I've Fallen ...
And I Can't Get Out Of My Rut!!

If you've ever fallen into a rut of overeating and slacking off and your workouts, help is here.

Ruts can be a comfortable, cozy and self-indulgent phase of life, but no matter how comfortable you have become, ruts often lead to depressing conditions that eventually will take you down a path of self-destruction.  

So here we embark on a plan to lift us out of the depths of complacency back to a routine of becoming active, disciplined and at peace with ourselves. Pull yourself out of a rut with these 7 easy steps.

1.  Be Thankful. If you're stuck in a rut, then you are faced with a great opportunity to change old habits and work toward your goals.  Be thankful for this opportunity of new beginnings. 

2. Believe That Change Is Possible.  Stop thinking that you're destined to be overweight and out of shape.  You are not!!  Your destiny is to be fit.  There are many things in life that we don't have control over, but fitness and weight loss is something within your control.  Maintain a consistent "I can do it" attitude and chances are that you will do it.  

3. Visualize Your Dreams.  Visualize what it will be like to be in control of your body, to be fit and strong.  Visualize yourself exercising, eating right and making it to your goals. Then realize that the feelings of accomplishment and pride that you gain from meeting your goals will give you greater joy than any food binge or exercise sabbatical can offer.  

4. Know What Your Difficulties Are. Examine your relationship with food and accept your weaknesses.  Do you eat when you are lonely or bored?  Becoming aware of food issues will help you to work through them better. Examine the reasons why you are in an exercise rut.  Is it hard for you to find the time to exercise?  Maybe you are not planning your workout schedule.  If you fail to plan, you plan to fail.  Commit to sitting down with a calendar and scheduling your workouts for the next week, including time, location and activity.  Schedule out your meal plan as well. Treat your workout time as as important appointments that can't be missed. 

5. Move On.
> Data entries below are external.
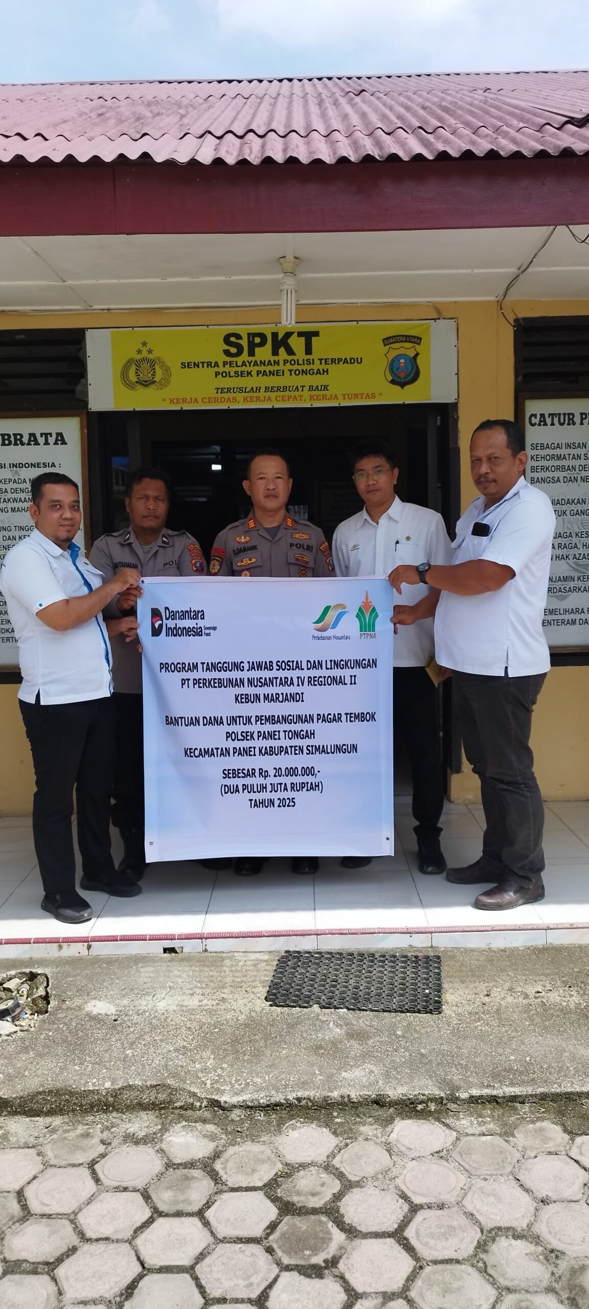 Kapolsek Panei Tongah, Daniel Jani Damanik mengucapkan terimakasih yang sebesar besarnya kepada PTPN IV Regional II Kebun Marjandi atas bantuan dana program TJSL untuk pembangunan pagar tembok Kantor Polsek Panei Tongah. “Semoga kedepan perusahaan PTPN IV semakin jaya dan berkah, serta dapat terus memberikan bantuan secara berkelanjutan kepada masyarakat sekitaran kebun,” ujar Kapolsek.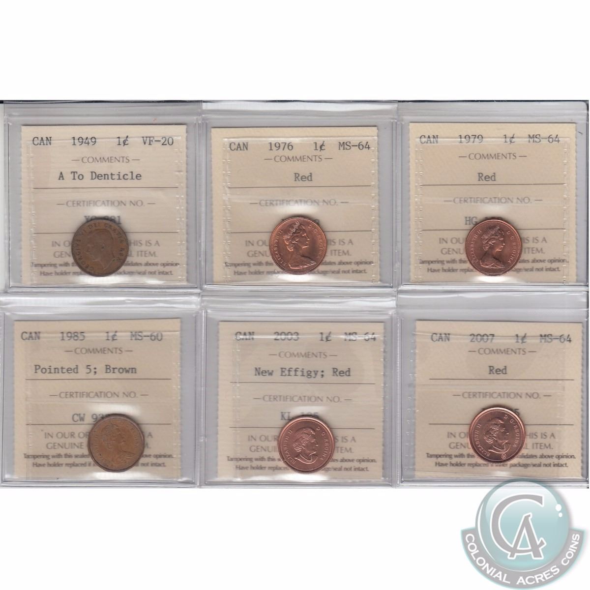 Estate Lot of 6x Canadian ICCS Certified 1-cent coins. This lot includes the following ICCS Certified 1-cent coins: 1949 A to Denticle VF-20, 1976 MS-64, 1979 MS-64, 1985 Pointed 5; Brown MS-60, 2003 New Effigy MS-64 and the 2007 1-cent MS-64. 6pcs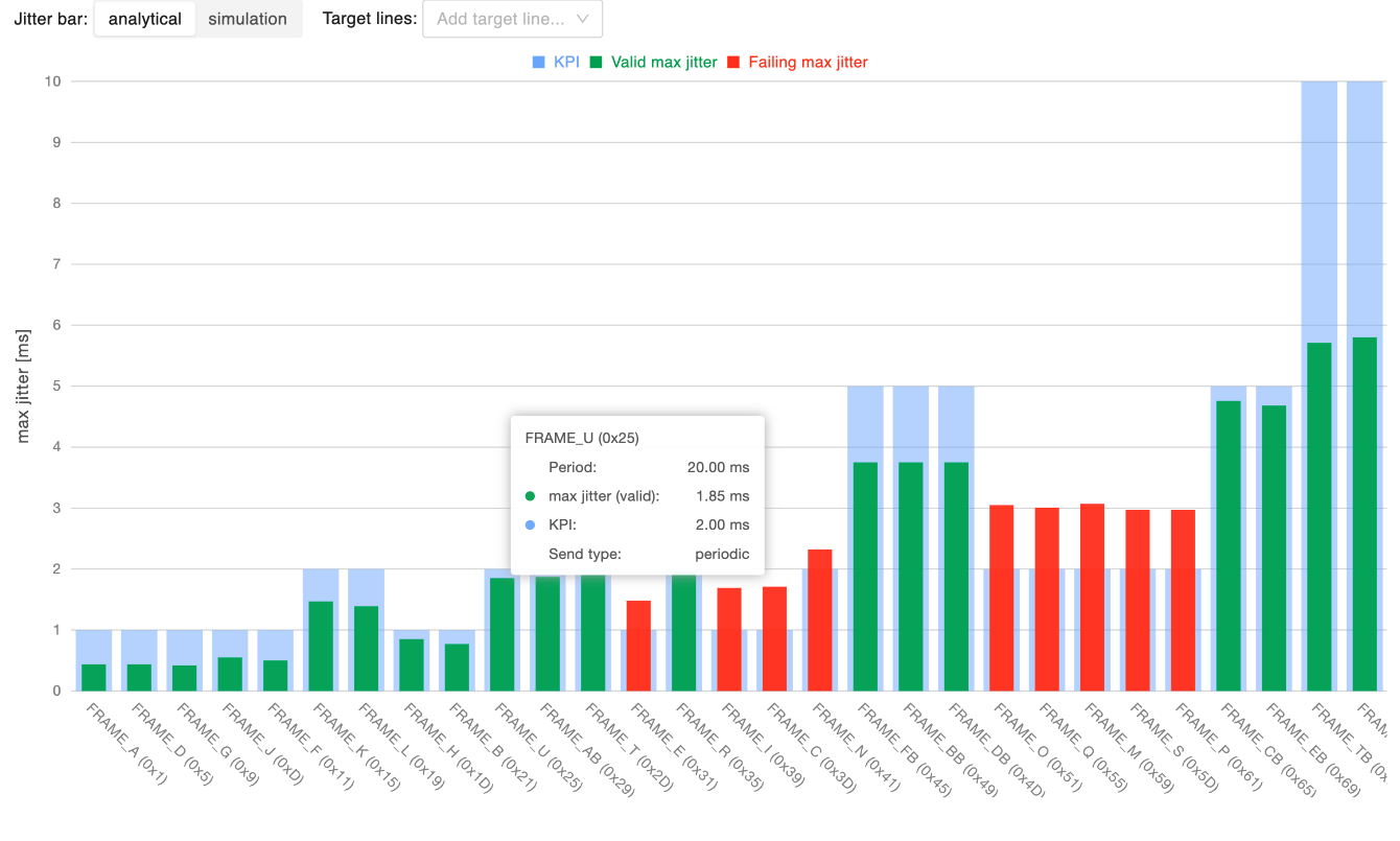 Hovering on a specific message it is possible to get its details: its period, its analytical maximum jitter and the simulated maximum jitter at the specified percentile.

Forgive yourself for emotional over eating and for missing your workouts.  Become a problem solver.  Don't let a temporary set back get in the way of your long term goals.  You are human and should not punish yourself for your current physical condition.  Understand that many factors have brought you to your current state of being.  Move on.  Move past the self-judgment and look ahead to a more active future.   
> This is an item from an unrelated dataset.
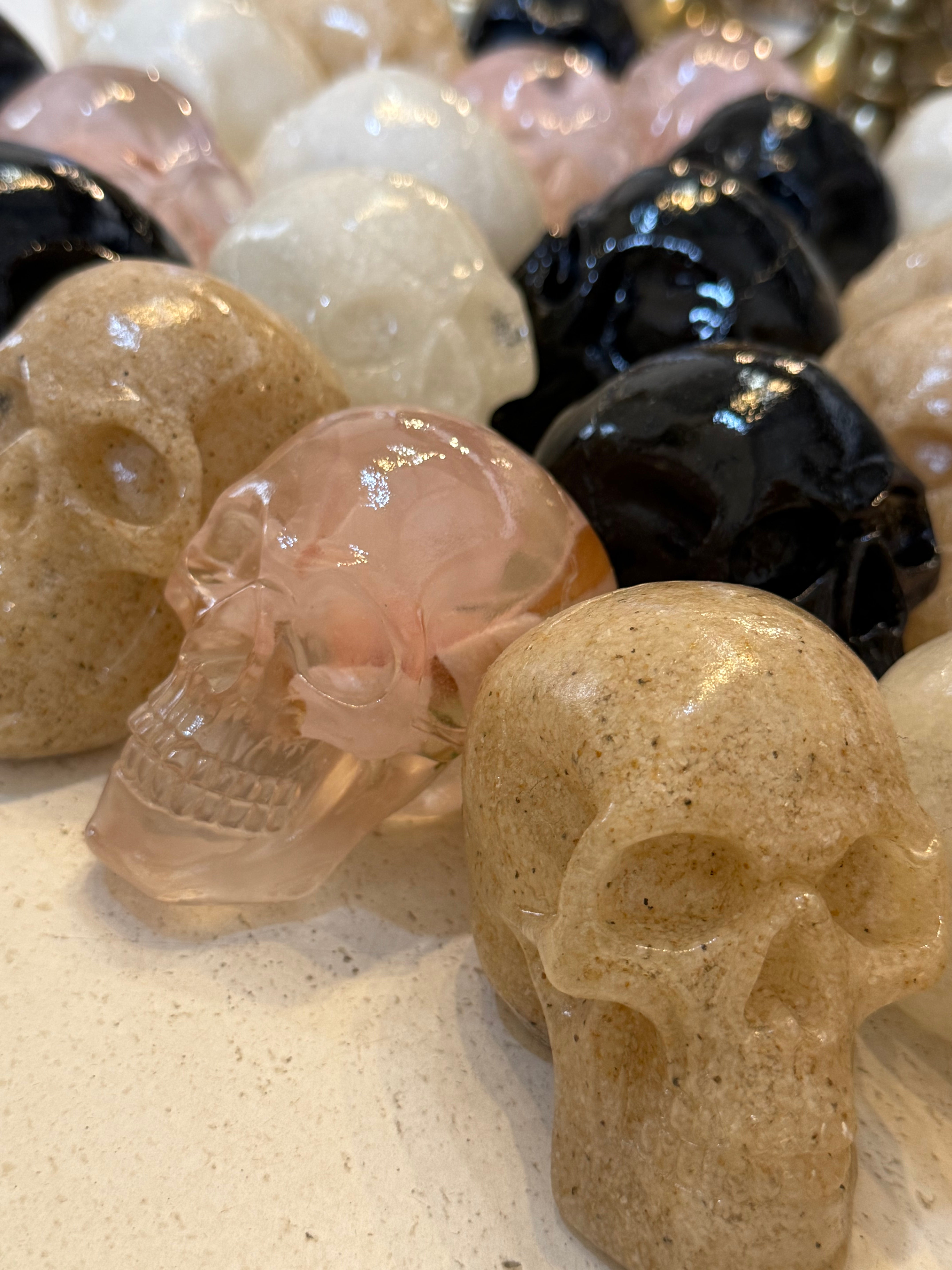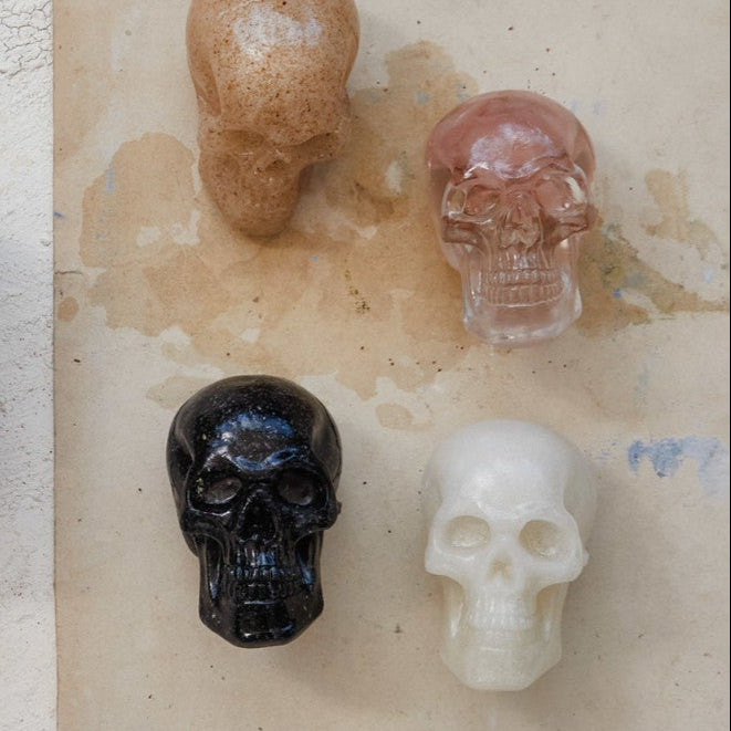 Add a splash of spooky fun to your space with our multi-colored polyresin skulls.They look like carved stones and are read y for your spooky decor! Durable and vibrant, these resin skulls are a lively way to celebrate your love for the unusual!

6. Set Goals And Dangle A Few Carrots.  Set some specific performance goals.  For example, "I will exercise 3 days a week for the next 3 weeks, then 4 days a week for the following 3 weeks."  Also set some accomplishment goals such as, " I will lose one dress size in the next 5 weeks."  Make sure that your goals are within reach and gradually up the ante so you stay challenged.  At the end of each week or month, celebrate your success with a new outfit, a manicure or an extra hour of sleep. Track your progress so you can see how much you are accomplishing.
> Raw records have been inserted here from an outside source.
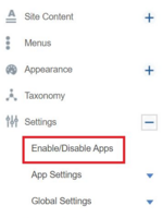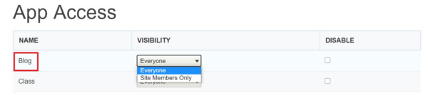 To modify the Public/Private setting, go to the Control Panel, click on Settings, then click on the Enable/Disable Apps button and a list of available apps will be displayed. You can edit the apps public/private status by selecting "Everyone" or "Site Members Only" from the corresponding drop-down menu.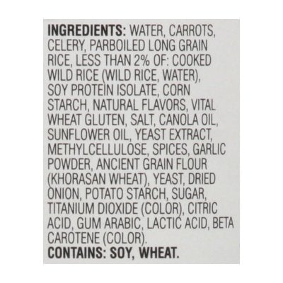 INGREDIENTS: Water, Carrots, Celery, Parboiled Long Grain Rice, Less than 2% of: Cooked Wild Rice (Wild Rice, Water), Soy Protein Isolate, Corn Starch, Natural Flavors, Vital Wheat Gluten, Salt, Canola Oil, Sunflower Oil, Yeast Extract, Methylcellulose, Spices, Garlic Powder, Ancient Grain Flour (Khorasan Wheat), Yeast, Dried Onion, Potato Starch, Sugar, Titanium Dioxide (Color), Citric Acid, Gum Arabic, Lactic Acid, Beta Carotene (Color).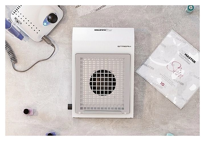 Маникюрный пылесос AirMaster STREAM предназначен для устранения пыли и сора, которые образуются в процессе обработки ногтевой пластины и кутикулы во время проведения процедур маникюра, педикюра и наращивания ногтей в косметологических центрах, салонах красоты и домашних ногтевых студиях. Модель оснащена режимом экономичного потребления электроэнергии. Защитная решетка выполнена из нержавеющей стали. В комплект поставки входят 10 стандартных фильтров. Особенности:

7. Have Fun.  You have to like it if you're going to make it work.  Find a workout program that works for you and keeps you interested.  A program that changes often is best at keeping mental interest high and also yields the best results. Make sure that your workout is always challenging  to prevent boredom.  Find a diet plan that is flexible and that allows you to enjoy food without overindulging.  Stay away from diets that restrict certain food groups.  They will only leave you feeling deprived.